Все мусульмане понимают, что никак не могут влиять на собственные жизни и судьбы. Болезнь, смерть, засуха, чума, землетрясения, все несчастья должны фаталистски приниматься как воля Аллаха. Только будучи правоверным, принимая слова Мохаммеда, принимая волю Аллаха, можем мы попасть в рай. Так что жизнь на этой земле — не для наслаждения, а только для того, просто она заставляет доказать, что мы достойны воссоединения с Мохаммедом на небесах.
Я благочестивый мусульманин, но иногда мне трудно кое-что понять. Если Аллах милостив и сочувствует нам, то почему он столь привержен ужасным наказаниям, и почему мусульман нужно бросать в священную войну, чтобы уничтожить другие народы, которые остаются неверными? Почему ислам не может поделить мир с другими народами?
Агарь часто жаловалась, что страшится того дня, когда ее сыновья женятся и приведут жен в наш дом: ей не хотелось с кем-нибудь делить кухню. Все изменил хаджи Ибрагим, взяв второй женой Рамизу.
Сначала мы были к ней холодны, особенно когда отец выгнал маму к лоткам на рынке. Единственный в доме, кто казался по-настоящему счастливым, был хаджи Ибрагим, но он не замечал наших переживаний. Мамино унижение угнетало ее и заставило нас относиться к отцу настороженно.
Отношение к Рамизе медленно менялось. Рядом с мамой она была так красива, что нам было даже легче не любить ее. Сначала мы считали ее высокомерной, потому что она была такой спокойной. Мало-помалу мы поняли, что она робкая и не слишком находчивая. Время от времени хаджи Ибрагим выражал вслух сомнение, не одурачил ли его старый шейх Валид Аззиз, продав ему Рамизу. Похоже, Рамиза никогда не сидела рядом со своим отцом и не разговаривала с ним. Так что у старого шейха не было никакого способа узнать, умна Рамиза или глупа. У него было столько дочерей, что едва ли он знал их всех по именам, и единственными критериями суждения были их внешний вид, покорность, сохранение девственности и цена им как невестам.
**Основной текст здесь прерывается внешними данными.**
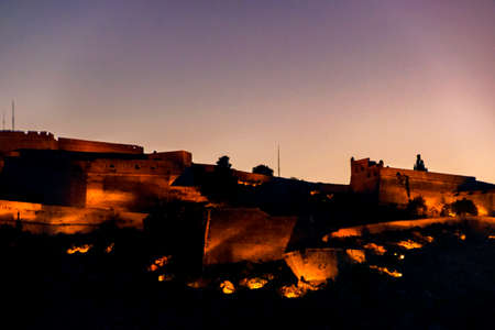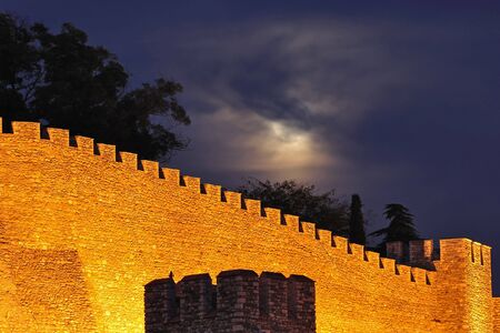 Night shot of a illuminated wall of medieval fortress Kale, Skopje

Всю жизнь Рамиза жила кочевником. Когда вокруг шейха так много женщин, готовых исполнить его распоряжение, ленивая девушка легко могла ускользнуть от выполнения своих обязанностей. И оказалось, что Рамиза многого не умеет. Ее попытки заменить мою мать на кухне превращались для нее в несчастье. Наша пища и приправы были гораздо разнообразнее, чем у бедуинов, и Рамиза портила большинство блюд, которые готовила. Первой, кто сжалился над ней, была Нада. Наде было только десять лет, но мама хорошо обучила ее, и она часто спасала Рамизу от насмешек хаджи Ибрагима.
Через несколько месяцев Рамиза забеременела, и первая вспышка отцовской страсти быстро утихла. Он часто кричал на нее, временами выражал свое неудовольствие шлепками. Нам с Надой доводилось видеть ее в углу кухни тихо плачущей и бормочущей слова смущения.
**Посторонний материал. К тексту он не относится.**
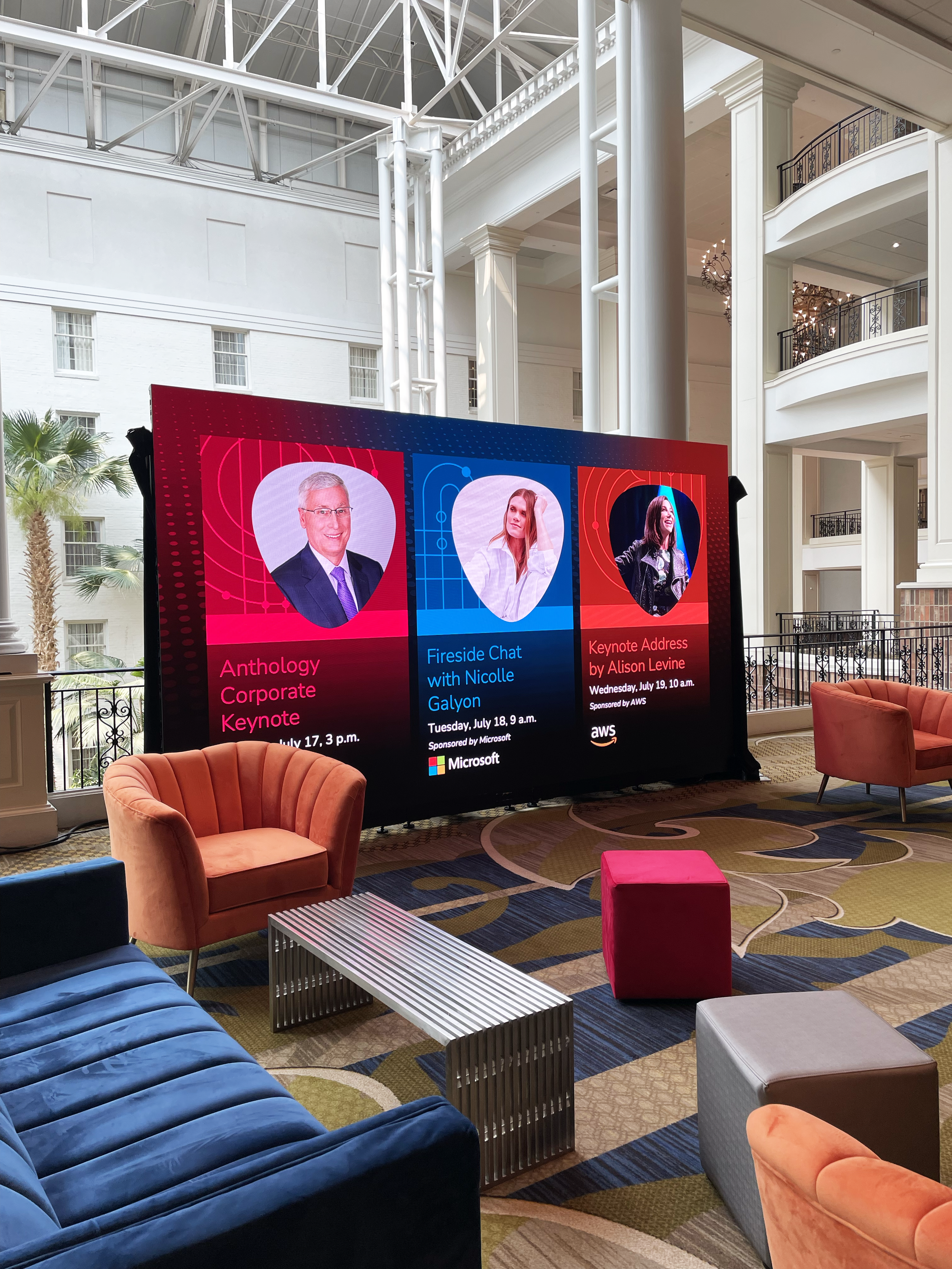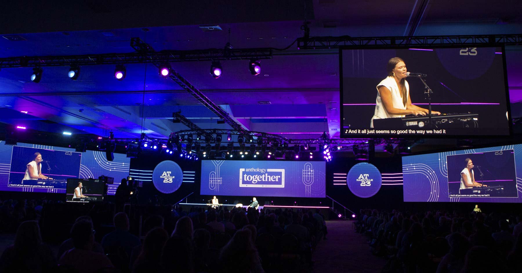 Anthology Together 2023 was one of the yearly main conference of the Eduction and Technology multinational company, Anthology. This event reunites people from all-over the Ed-tech industry from around the world, completing a reunion of 3,000 people per year. Since it took place in Nashville, the challenge was to integrate both the undeniable musical identity of the city, with the technology nature of the company and the solutions it offers.

Только когда весной комната Рамизы была готова и поставлена вторая кровать, он разрешил моей матери переступить порог и вернуться в свою спальню.
Ни Рамиза, ни мама не давали ему достаточно сексуального удовлетворения, и это его злило. Тем не менее он вернул Омара к ларькам, чтобы Агарь снова была на кухне; он велел ей научить Рамизу готовить и проследить, чтобы она выполняла свои обязанности должным образом.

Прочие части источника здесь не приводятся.